И так как никакой голос ему не ответил, граф понял, что, должно быть, угодил в ловушку.

Валуа захрипел от ярости и гнева. Как и большинство его современников, он был отчаянно храбр. Прислонившись спиной к запертой двери, граф вытащил кинжал, обмотал левую руку плащом и, съежившись, застыл в ожидании нападения.

Прошло несколько минут.

Он отчаянно вглядывался во тьму горящим взором, но тьма стояла стеной. Мало-помалу Валуа успокоился. Атаки не будет; это было очевидно. В башне никого не было. Его слух не улавливал ни одного из тех легких шорохов, тихих шагов, которые выдают приближение врага во мраке.

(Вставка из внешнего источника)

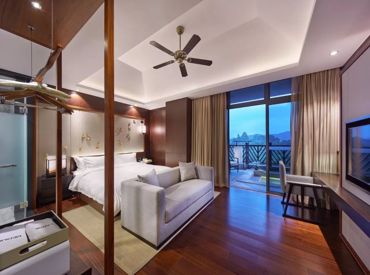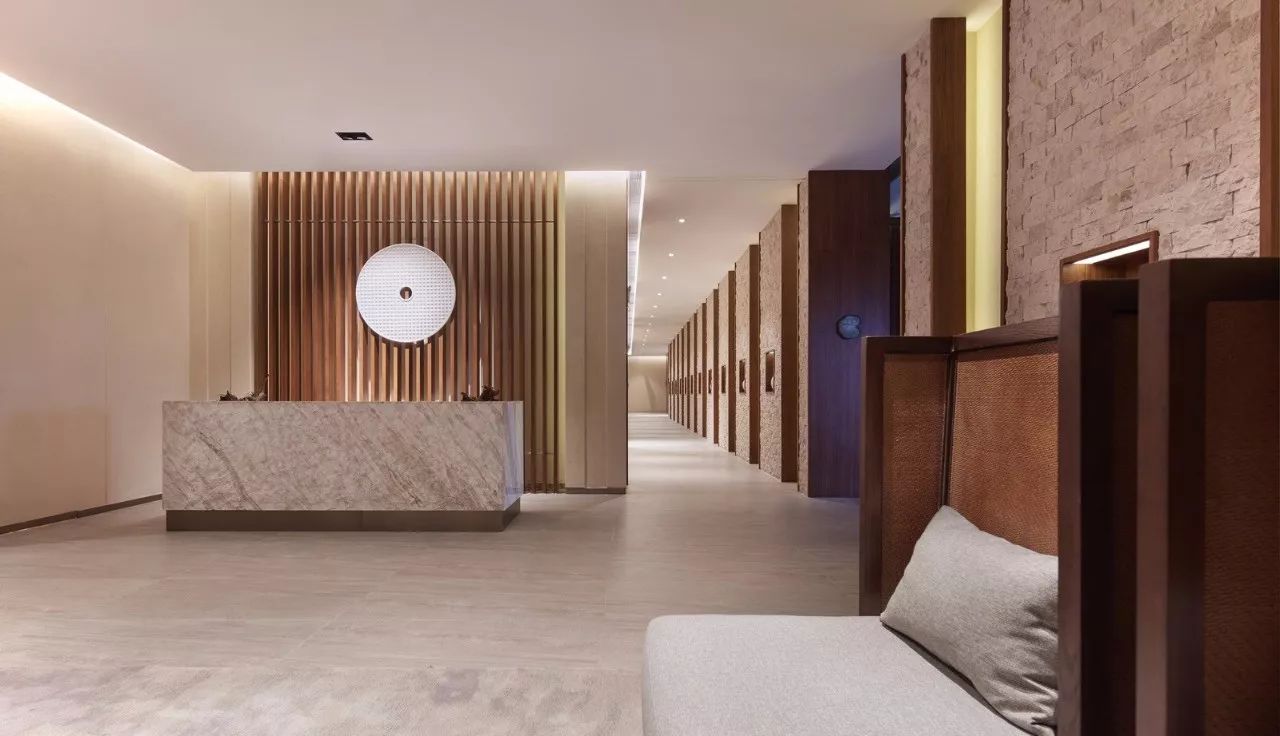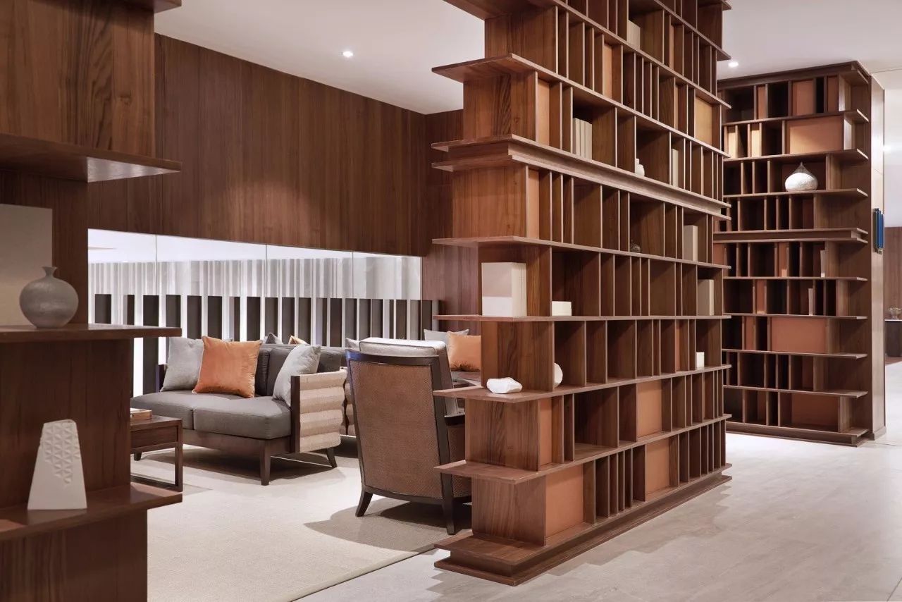 第二步则是团客和散客在大堂办理入住手续后,能迅速进入旁边的更衣室,减轻大堂人声鼎沸的压力。在更衣沐浴后,或者进入园林式户外温泉区,或者直接上二楼休息区。在二层休息区,设计师则将SPA区、休息区与餐饮、棋牌、阅读、儿童区先作大的功能分割,将健身房、球类活动室用玻璃作完全隔音的封闭式处理,以书吧作为几个功能区的半遮断式衔接,起到进一步消音的作用。这一部分,尤其应该首先关照休息等候区的客人,不能受噪音影响,只有人声隐约的同时,却不致扰人清静。譬如“鸟鸣林更幽”。

Но тогда зачем Тристан приходил за ним в Тампль? Зачем привел сюда? С какой целью или ради какой выгоды? В конце концов Валуа сказал себе, что, возможно, этой ночью на Тампль либо на Лувр будет совершено нападение и его решили нейтрализовать на это время. В итоге он решил отложить поиски ответов на все эти вопросы до завтра.

В этот момент он услышал отдаленные звуки какого-то колокола, медленно отбивавшего время. Он сосчитал: было одиннадцать часов.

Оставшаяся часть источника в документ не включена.